You can scroll through all the data at your leisure back on the main post, but I wanted to specifically analyze how Spurrier's done here during his time at Carolina. Then, for fun, let's look at how some of our main rivals have stacked up over the years.
Spurrier has an interesting trajectory at Carolina, and I think it goes more to show that while the Gamecocks have recruited well throughout his tenure, it's only been recently that we've been able to turn that recruiting into success. Simply put, the teams we put on the field from 2007-2009 were about as talented as the teams we fielded in the last 3 years. However, you don't need me to tell you how improved our performance has been when you compare those two three-year spans, and the chart below clearly indicates that the improvement doesn't stem from a talent influx (though there's been some of that, to be sure) as much as an influx of player development. Connor Shaw wasn't as highly touted as Stephen Garcia.
One of my favorite charts is Dabo Swinney at Clemson. As you all well know, he replaced Tommy Bowden in 2009. In his 4 years thus far at Clemson, he has never done as good a coaching job on game day as Bowden did in 2007 or 2008. Of course, since Swinney has strongly increased Clemson's recruiting take, this has still resulted in the Tigers improving as a team during his reign. However, I can't help but chuckle at the fact that his worst coaching season just so happened to be the year the Tigers won a weakened ACC (and got obliterated by Carolina in Williams-Brice):
Let's look at a few other schools for fun as well. As you can see from the following chart, Georgia's Mark Richt has been getting it done with talent down in Athens, not necessarily exceptional coaching, though last year was his best work in the seven years captured by this data:
Florida has also had a roller coaster ride that you can see coming without this data - the last year of Meyer and the first year of Muschamp went terribly; otherwise, a team with nothing but talent has been well-coached, which leads to elite performance. But man, 2010 and 2011 were just brutal years for the Old Boys from Florida.

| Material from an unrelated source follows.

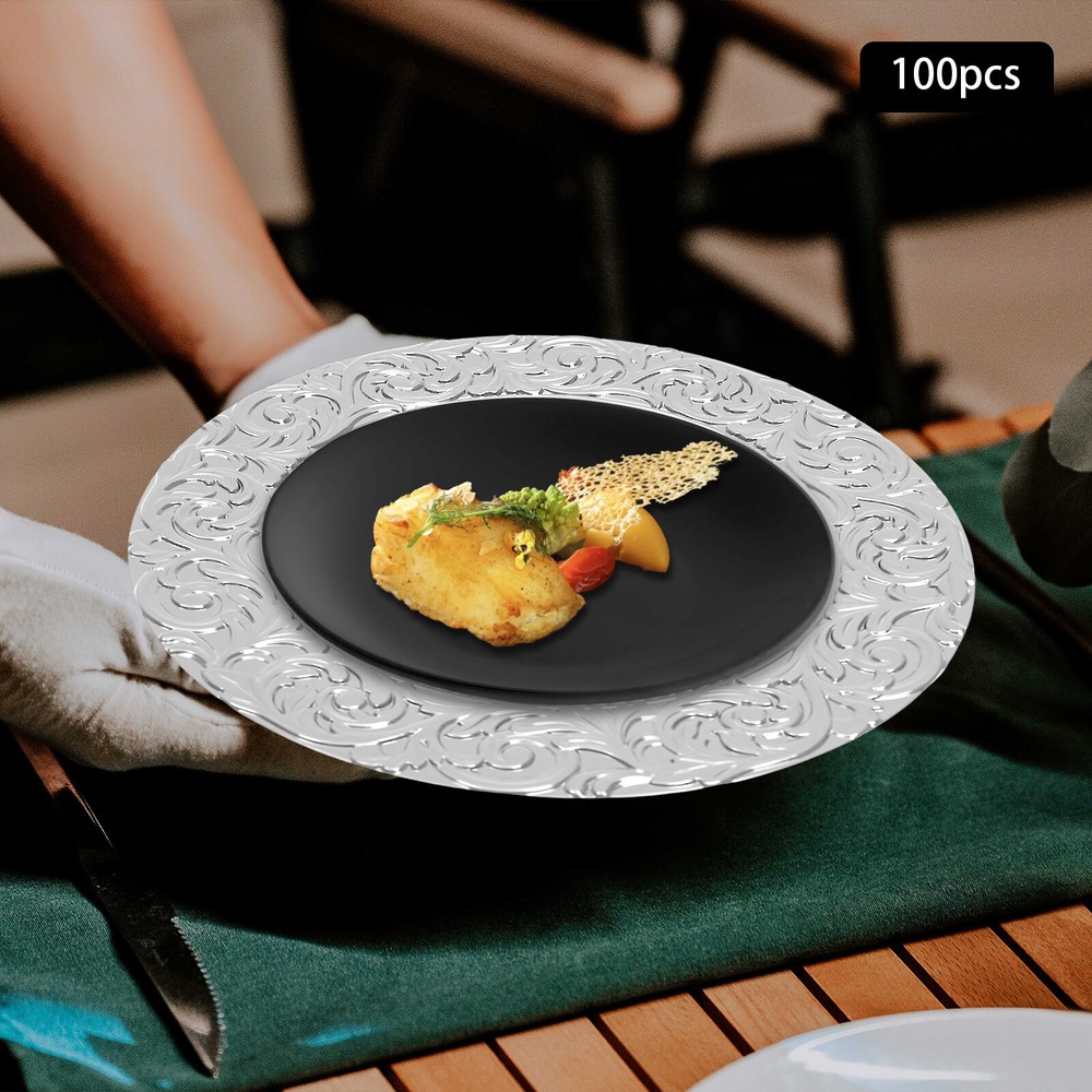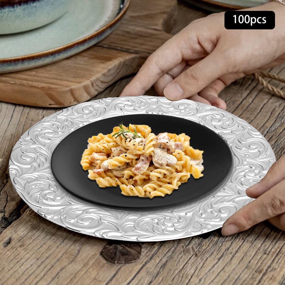 100x Silver 13" Round With Embossed Rim Charger Plates Wedding Dinner Light USA Welcom to yanqiuwangluo66 Description This set of charger plates can add elegant decorations to your banquet table for weddings, family gatherings, and holiday celebrations. The high-quality PP and the beautiful texture on the surface make each plate sturdy and durable and give it a beautiful and glossy appearance to be a great addition to your table. Key Features Long Service Life: Made of PP with the spraying paint process, the product is healthy to use and is resistant to verdana, wear, and fade, so you can use it for long periods with confidence. 100 Pieces a Set: This large quantity set of plates is not only suitable for home use, but also for large events, hotels, restaurants, and other commercial venues. Charming Appearance: The simple round shape, gold color, and beautifully embossed rim make these products premium decorations for your table, especially when matching with other dinnerware sets. Store with Ease: These plates can be stacked when not in use for convenient storage in your cabinet with less space occupation. Lightweight : This 100-piece set is approximately 35.27 lbs(each is only about 0.35 lbs), allowing you to easily pick it up and move it to where you want to place it. Easy to Maintain: The smooth surface and simple structure allow you to easily clean it with warm water and a soft cloth. The product can be reused after cleaning. Ideal Gift: This beautiful and high-quality set is an ideal housewarming or holiday gift for your friends, families, and colleagues. Customer Service: We aim to provide quality products and services. If you have any problems, please feel free to contact us. We will reply and solve the problem for you as soon as possible. Details Smooth Edges: They provide you with a smooth touch feeling while protecting your hands from getting scratched during daily use. Sunken Bottom: It provides a proper place for placing salad bowls, soup bowls, and entree plates to prevent accidental spills and protect your table. Application The product is suitable for birthday parties, holidays, weddings, banquets, baby showers, restaurants, hotels, daily life, traveling, camping, picnics, barbecues, or other events. Specifications Color: Silver Style: Modern Shape: Round Material: PP Process: Spraying Paint Assembly Required: No Number of Pieces: 100 Product Size(D*H): 33*2cm/12.99*0.79in Packaging Size: 40*33*33cm/15.75*12.99*12.99in Gross Weight: 17.5kg/38.58lbs Net Weight: 16kg/35.27lbs Package Included 100* Charger Plates Notes Please check the style and size carefully before ordering. It is not recommended that the product comes into direct contact with food. Please do not clean them with a dish-washing machine, steel wool, electric-heating disinfection tableware cabinet, or put them into the microwave. Please use a soft cloth to clean and dry. Please allow the slight color difference caused by the shooting light and 1-3cm error due to manual measurement, and make sure you do not mind before you order. Payment Delivery details Terms of sales About us Contact us Payment We accept ebay payment 。 Fees such as import duties, taxes are not included in the item price or shipping costs. These charges are the buyer's responsibility. Delivery details Shipping: 2-9 working days to: USA Terms of sales We maintain high standards of excellence and strive for hundred percent customer satisfaction. Feedback is very important to us. We hope that you contact us immediately before you give neutral or negative feedback, so that we can address your concerns. It is impossible to address issues if we do not know about them! About us Your satis faction is our ultimate goal. We work hard to earn your trust and future business. Our certified technicians have tested each item before shipping. The unit comes with 1 year limited warranty on all manufacturing defects. a) If you receive a defective item, you may return it or ask for a discount. Please contact us within 14 days after you receive the package. b) What you returned must be intact and in its original packaging as re? u. Customer is responsible for shipping costs of the returned item. c) We will cover the cost of shipping back t with the shipping rate indicated in the registration page. We will send you a new unit or refund the full payment you paid. Thank you. Contact us Business Hour Business Hour: Monday To Friday: 8:30 AM to 5:00 PM (Beijing China time) Due to time zones, our reply to your questions may not be immediately. But within above working time, we will reply your email within 24 hours. If it's non-workdays, please kindly be patient and wait till Monday. Please contact us with ebay message. Please feel free to contact us if you have any questions. Monday To Friday: 8:30 AM to 5:00 PM (Beijing China time) Due to time zones, our reply to your questions may not be immediately. But within above working time, we will reply your email within 24 hours. If it's non-workdays, please kindly be patient and wait till Monday. Please contact us with ebay message. Please feel free to contact us if you have any questions. On Mar 1, 2026 at 19:23:09 PST, seller added the following information:

I could go on forever. There's some amazingly interesting data - Chizik does nothing without Newton, Petrino tears it up at both Louisville and Arkansas, Harbaugh doesn't put together a great season until Andrew Luck (so was it Luck, or Harbaugh?), Marrone never puts together a position season until last year, Kiffen has never put together a season that was over 0.05 standard deviations above his talent... we could be here all night. In fact, one great thing to discuss would be the list found in this comment of the coaches who have done the best and worst over the last seven years, according to this data (in the top 14 - Tommy Bowden and Butch Jones; not pictured, Steve Spurrier. You decide how that makes you feel about the information, as well as about Tennessee's hire of Jones).
It will be interesting to see how much further Redmond and others can take this type of work. But for now, I encourage you to take a look at it yourself, and share anything interesting you find with us in the comments.